Assignment:
From the listing below, copy only the lines from the line that contains "Paithani Saree | |" to the line that contains "Шкаф идеально подходит", counting those two lines as part of the copy.

Data:
________________

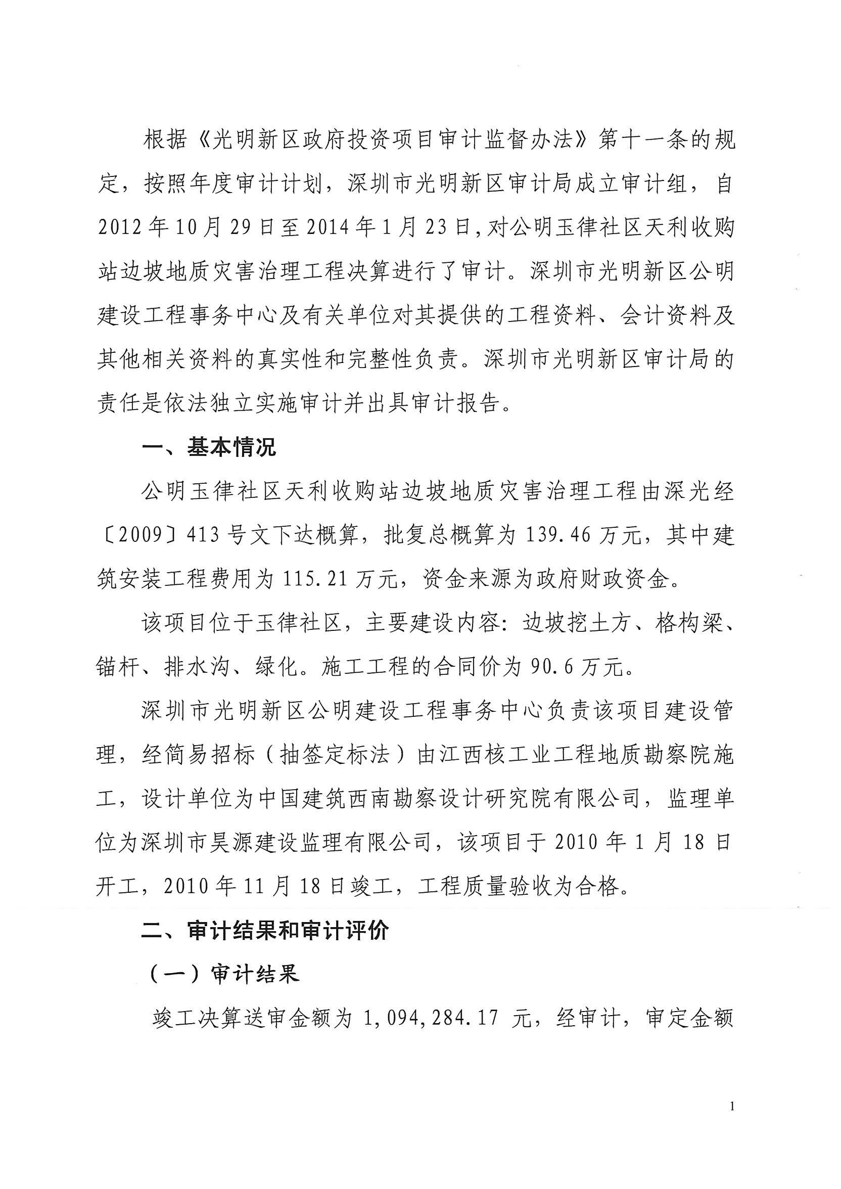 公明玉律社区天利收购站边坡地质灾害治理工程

________________

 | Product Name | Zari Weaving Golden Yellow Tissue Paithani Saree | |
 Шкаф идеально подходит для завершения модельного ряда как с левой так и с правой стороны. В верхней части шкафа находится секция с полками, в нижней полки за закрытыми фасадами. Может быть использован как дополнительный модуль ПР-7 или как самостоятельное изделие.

________________

Reply to the task:
 | Product Name | Zari Weaving Golden Yellow Tissue Paithani Saree | |
 Шкаф идеально подходит для завершения модельного ряда как с левой так и с правой стороны. В верхней части шкафа находится секция с полками, в нижней полки за закрытыми фасадами. Может быть использован как дополнительный модуль ПР-7 или как самостоятельное изделие.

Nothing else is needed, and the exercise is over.